Stored entries:
-=-=-=-=-

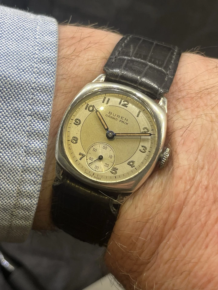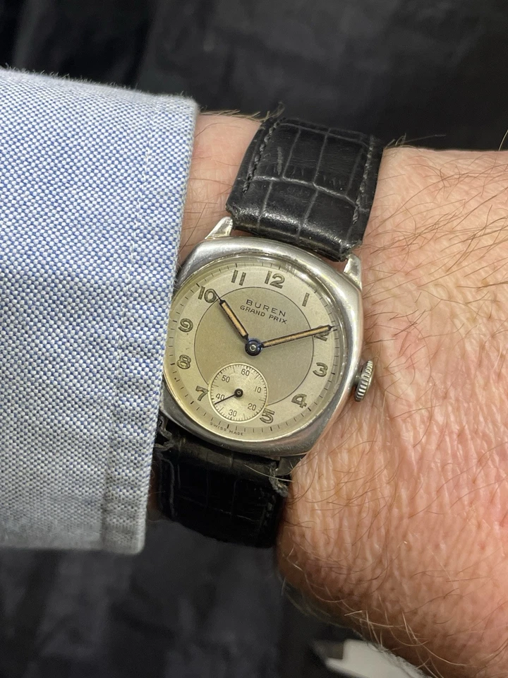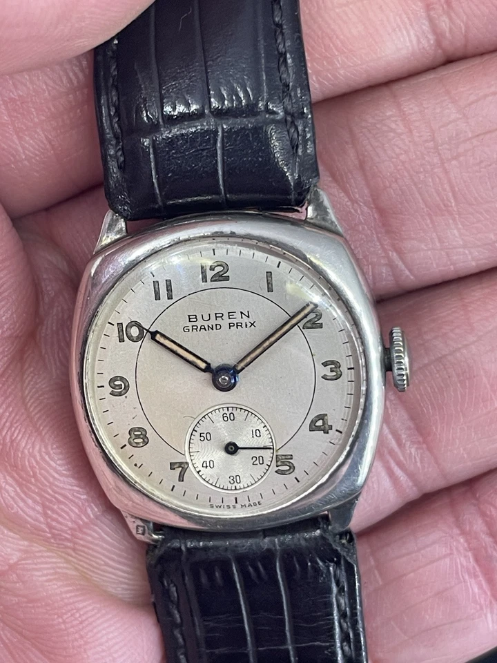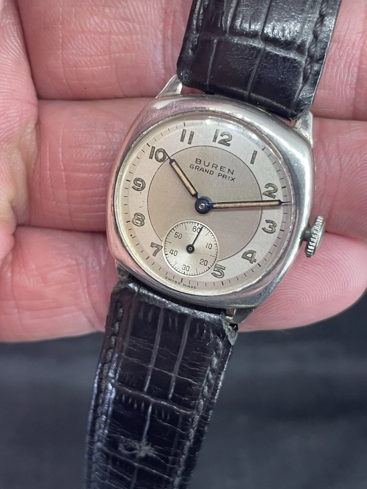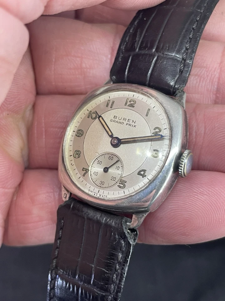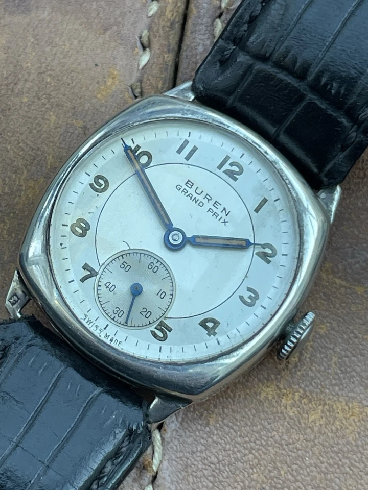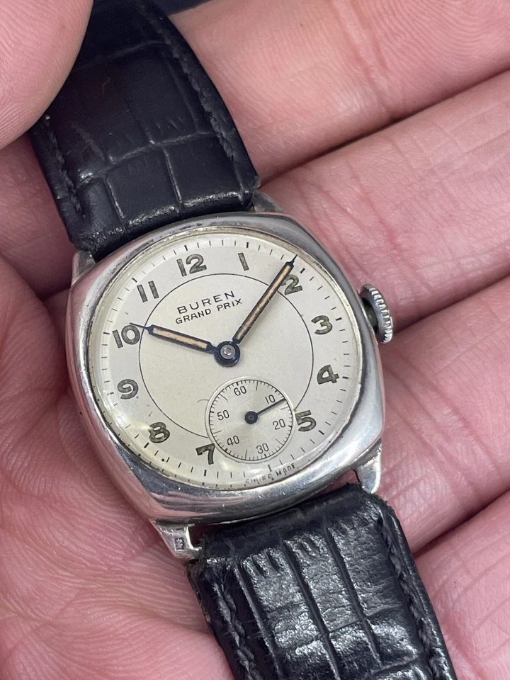 Exceptional Solid Silver Buren Grand Prix 1943 Cushion Cased Presentation Watch.
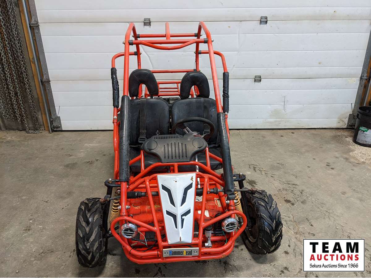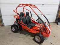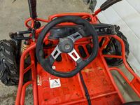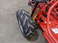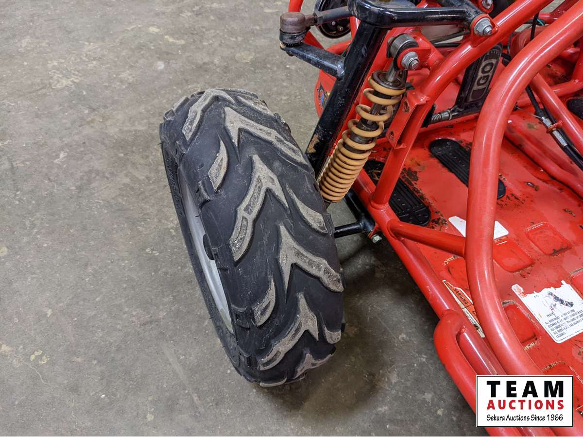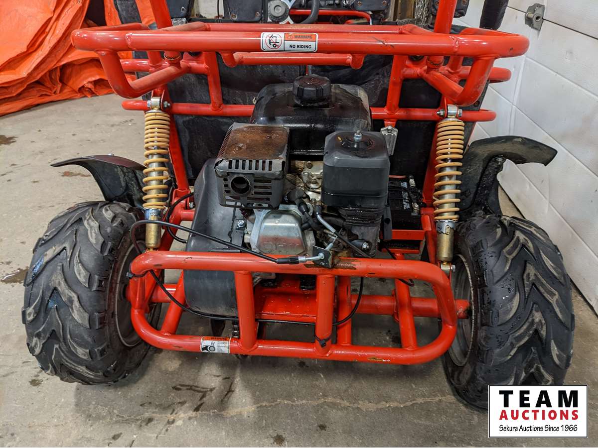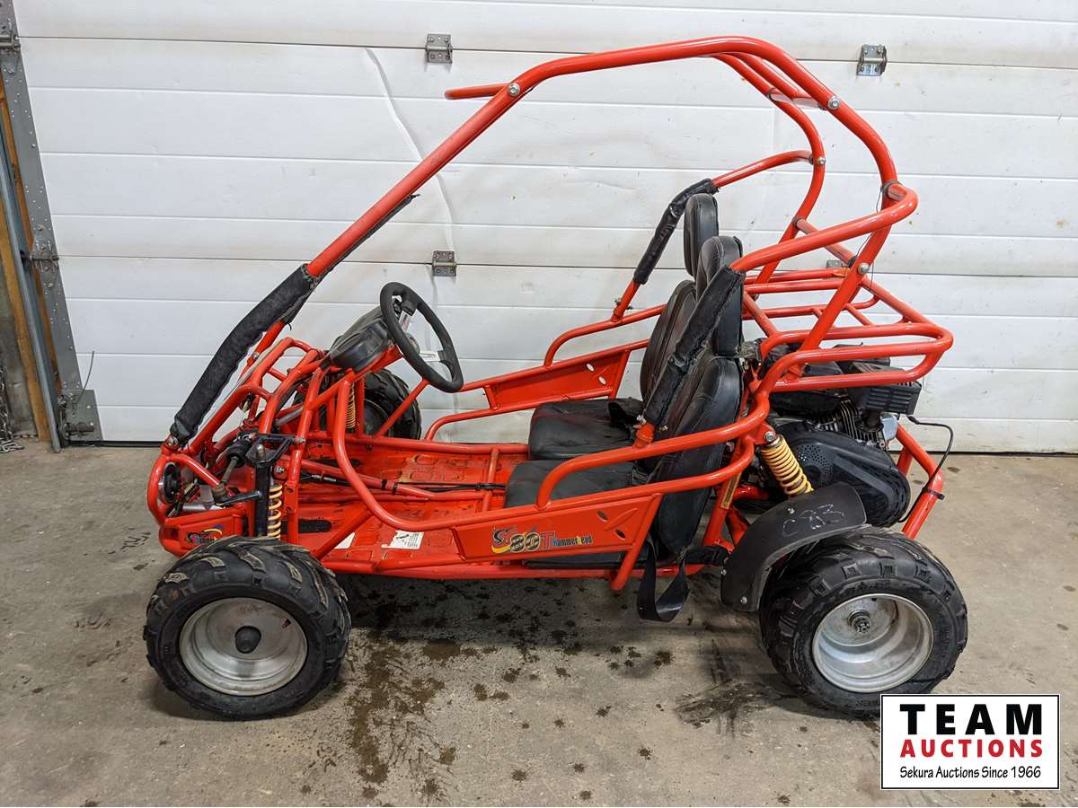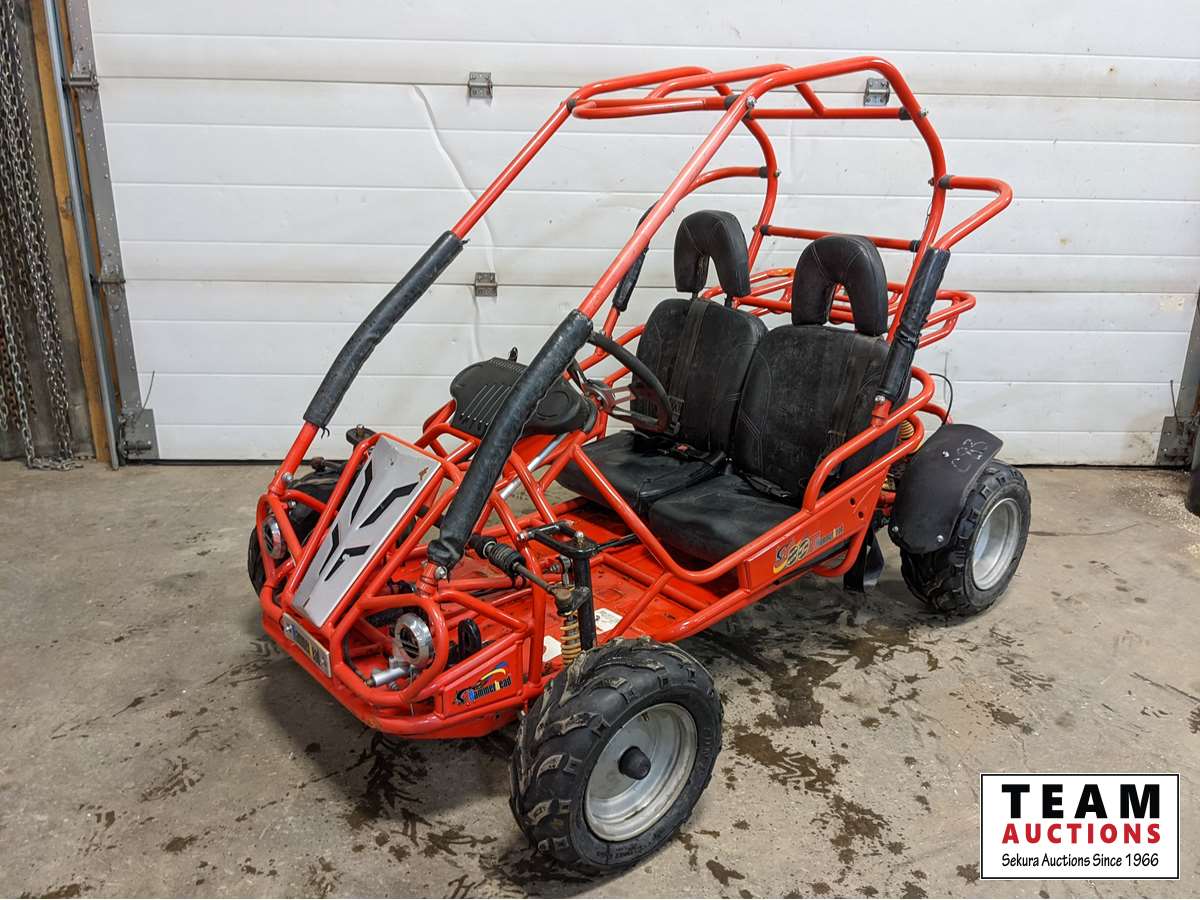 Electric start gas engine, variable speed transmission, spring and shock suspension, hydraulic disc brake
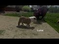 Luna is an adorable AKC English Bulldog female. She has a sweet and gentle personality. She loves to snuggle and loves kids of all ages. She is already starting to show the same wonderful intelligent traits as her parents . Mom (Joy 55 bs) is our family dog on our horse farm in Dundee Ohio.Dad (Dallas 51lbs ) is owned by a family friend.Both parents have fantastic persona
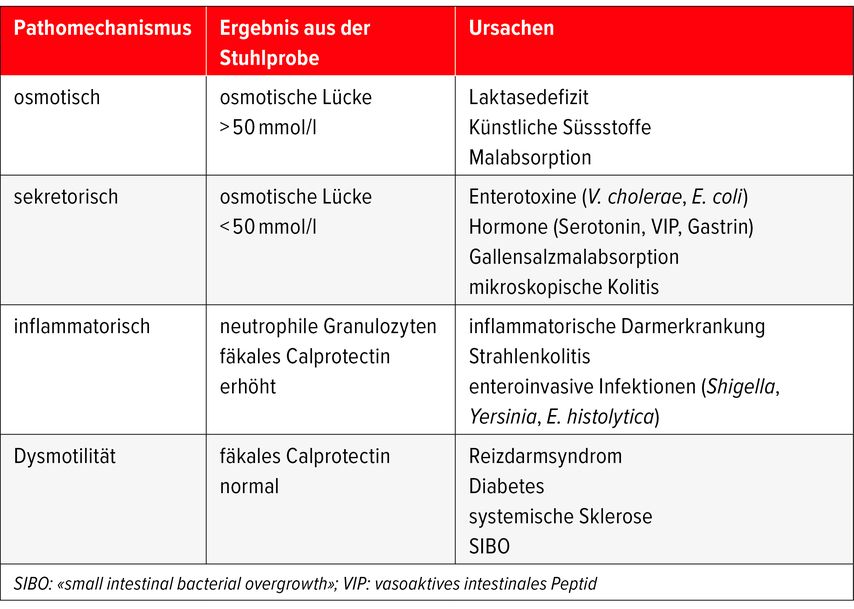 Tab. 1: Jedem Pathomechanismus liegen typische Ursachen zugrunde. Aufschluss gibt die Analyse der Stuhlprobe (modifiziert nach Stamm GM et al 2022)1
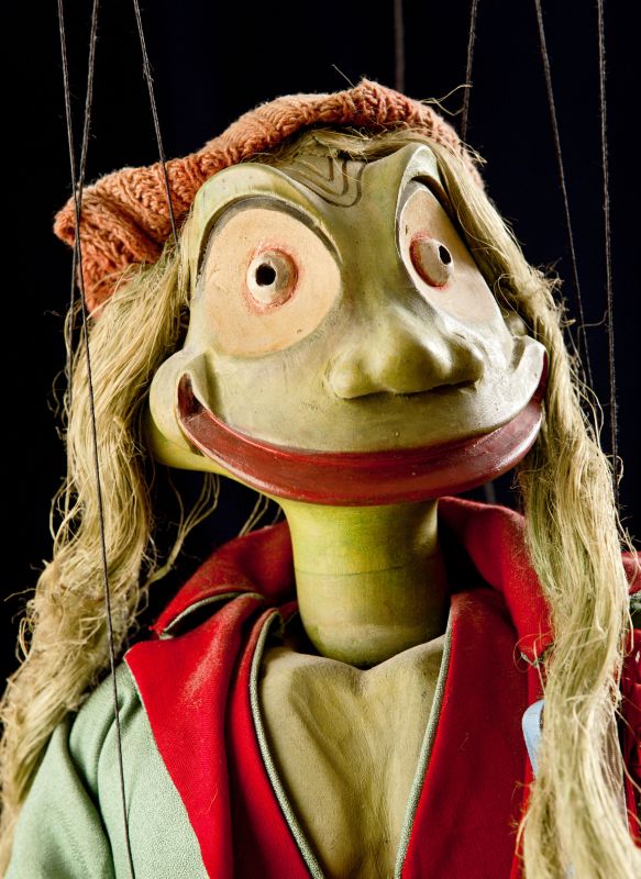 Toda la marioneta está tallada en madera de tilo, incluyendo la cara, los ojos y los zapatos. El disfraz del espíritu del agua está hecho de varios tipos de textiles, su chaleco rojo contrasta maravillosamente con el color verde de sus pantalones. También hay que notar las membranas que son visibles entre sus dedos. Con su expresión asombrada, es una pieza histórica verdaderamente original.
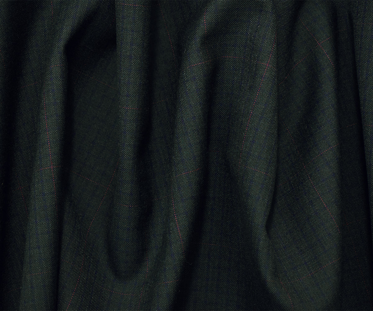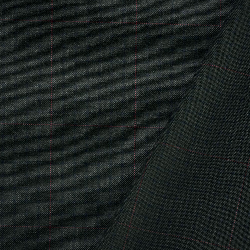Gray-Blue-Red Wool-Poly Plaid Check Woven Shirting Fabric

-=-=-=-=-

### [PROBLEM TO WORK ON]
All that is needed is an exact copy of the entries above, minus the pictures.

### [ANSWER AREA]
 Exceptional Solid Silver Buren Grand Prix 1943 Cushion Cased Presentation Watch.
 Electric start gas engine, variable speed transmission, spring and shock suspension, hydraulic disc brake
 Luna is an adorable AKC English Bulldog female. She has a sweet and gentle personality. She loves to snuggle and loves kids of all ages. She is already starting to show the same wonderful intelligent traits as her parents . Mom (Joy 55 bs) is our family dog on our horse farm in Dundee Ohio.Dad (Dallas 51lbs ) is owned by a family friend.Both parents have fantastic persona
 Tab. 1: Jedem Pathomechanismus liegen typische Ursachen zugrunde. Aufschluss gibt die Analyse der Stuhlprobe (modifiziert nach Stamm GM et al 2022)1
 Toda la marioneta está tallada en madera de tilo, incluyendo la cara, los ojos y los zapatos. El disfraz del espíritu del agua está hecho de varios tipos de textiles, su chaleco rojo contrasta maravillosamente con el color verde de sus pantalones. También hay que notar las membranas que son visibles entre sus dedos. Con su expresión asombrada, es una pieza histórica verdaderamente original.
Gray-Blue-Red Wool-Poly Plaid Check Woven Shirting Fabric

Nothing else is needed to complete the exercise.